还有一件事情,我们也不清楚——这种“叽叽喳喳”声是它们的独特嗓音还是机械发声呢?我朋友比尔·费尼曾用网捕获一只正在发出“嘭嚓”声音的丘鹬,然后拔掉了它羽翼外部的羽毛,但是这只鸟儿还是会发出“嘭嚓”的声音,而且还会用颤音轻唱,只是再也没有发出吱吱喳喳的鸣叫声了。然而,就这一例实验实在难以得出什么有说服性的结论。
还有一件事情,我们也还没弄明白。
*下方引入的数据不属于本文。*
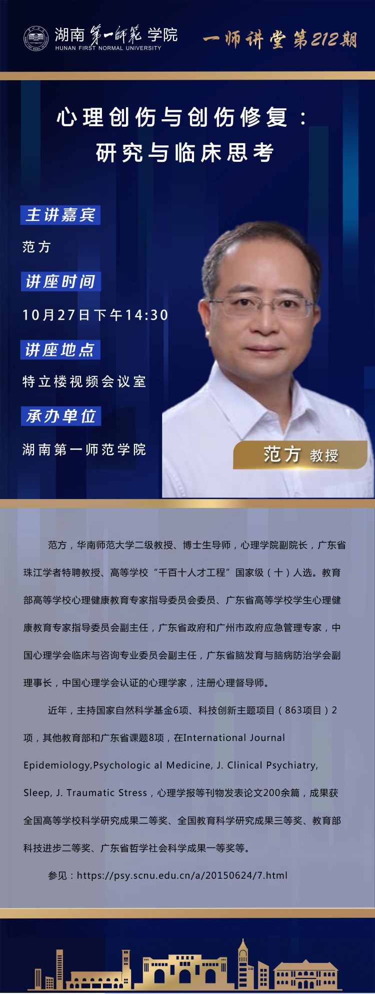 学术预告|一师讲堂第212期:心理创伤与创伤修复:研究与临床思考

雄性丘鹬的空中飞舞会持续到筑巢的哪个阶段?我女儿有一次,看到一只丘鹬在离一个孵化过蛋壳的鸟巢大约20码距离的地方,发出“嘭嚓”的声音,难道那个鸟巢是它夫人的鸟巢吗?还是这个偷偷摸摸的家伙,早在我们发现它之前就犯了重婚罪?这些,以及其他许多我们仍不清楚的问题,在逐渐变暗的黄昏中依然保留着它们的神秘感。
这种空中飞舞的戏剧在成百上千个农场上空夜夜上演,而农场主们却叹息缺少娱乐活动。我们的农场主们有一种误区,他们认为消遣娱乐只能在剧院找到。他们生活在土地上,却不知安于土地。
有人认为,鸟本来就是猎人的靶子,而被捕获的鸟就应该变成鸟肉,优雅地摆在吐司面包上。对于这些人来说,丘鹬是一个活生生的反例。没有人比我更乐意在10月去猎捕丘鹬,但自从观看了空中舞蹈后,我觉得自己只需要捕猎一两只就够了。我得避免这些来年4月夕阳当空时的舞者们的伤亡。